◆ Provided material ◆
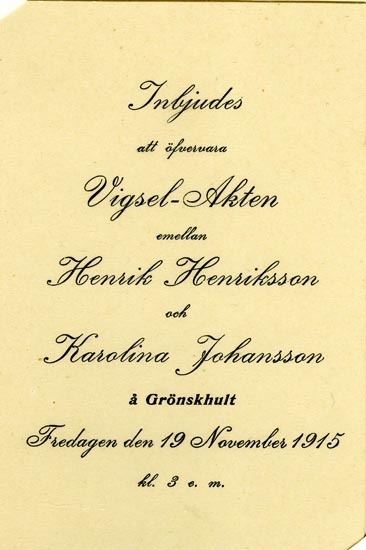 Text på kortet: Inbjudes att öfvervara Vigsel-Akten mellan Henrik Henriksson och Karolina Johansson å Grönskhult. Fredagen den 19 November 1915 kl.3 e.m.
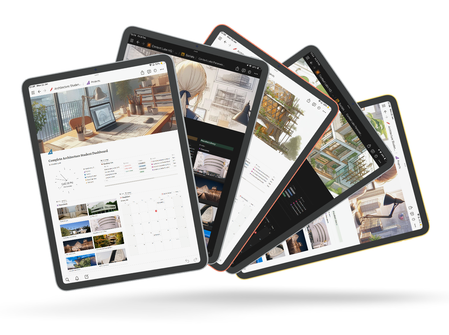 The Archi-Student Dashboard is an all-in-one Notion system that gives you all the tools you need to get organised and be more productive while studying architecture.
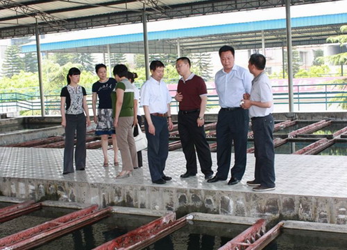 中午1時,李總一行首先來到射洪自來水公司,察看自來水生產(chǎn)工藝和水質(zhì)檢測中心的運行情況,并與在崗員工一一握手,親切交談。李總詳細(xì)詢問了射洪自來水公司為迎接2012年新水質(zhì)檢測標(biāo)準(zhǔn)而開展設(shè)備和技術(shù)人員的籌備情況,強調(diào)夏季是用水高峰期,要千方百計確保安全平穩(wěn)供水,并祝他們節(jié)日快樂、身體健康!隨后,李總一行又頂著35度高溫察看了取水口遷建工程的管道安裝和取水口施工現(xiàn)場,李總詳細(xì)詢問了工程進展情況,要求全力確保工程質(zhì)量、工期和安全,為川投水務(wù)和射洪縣經(jīng)濟的發(fā)展做出積極貢獻。

◆ Exercise ◆
Every word of the material, and none of its pictures, should be set down again.

◆ Answer box ◆
 Text på kortet: Inbjudes att öfvervara Vigsel-Akten mellan Henrik Henriksson och Karolina Johansson å Grönskhult. Fredagen den 19 November 1915 kl.3 e.m.
 The Archi-Student Dashboard is an all-in-one Notion system that gives you all the tools you need to get organised and be more productive while studying architecture.
 中午1時,李總一行首先來到射洪自來水公司,察看自來水生產(chǎn)工藝和水質(zhì)檢測中心的運行情況,并與在崗員工一一握手,親切交談。李總詳細(xì)詢問了射洪自來水公司為迎接2012年新水質(zhì)檢測標(biāo)準(zhǔn)而開展設(shè)備和技術(shù)人員的籌備情況,強調(diào)夏季是用水高峰期,要千方百計確保安全平穩(wěn)供水,并祝他們節(jié)日快樂、身體健康!隨后,李總一行又頂著35度高溫察看了取水口遷建工程的管道安裝和取水口施工現(xiàn)場,李總詳細(xì)詢問了工程進展情況,要求全力確保工程質(zhì)量、工期和安全,為川投水務(wù)和射洪縣經(jīng)濟的發(fā)展做出積極貢獻。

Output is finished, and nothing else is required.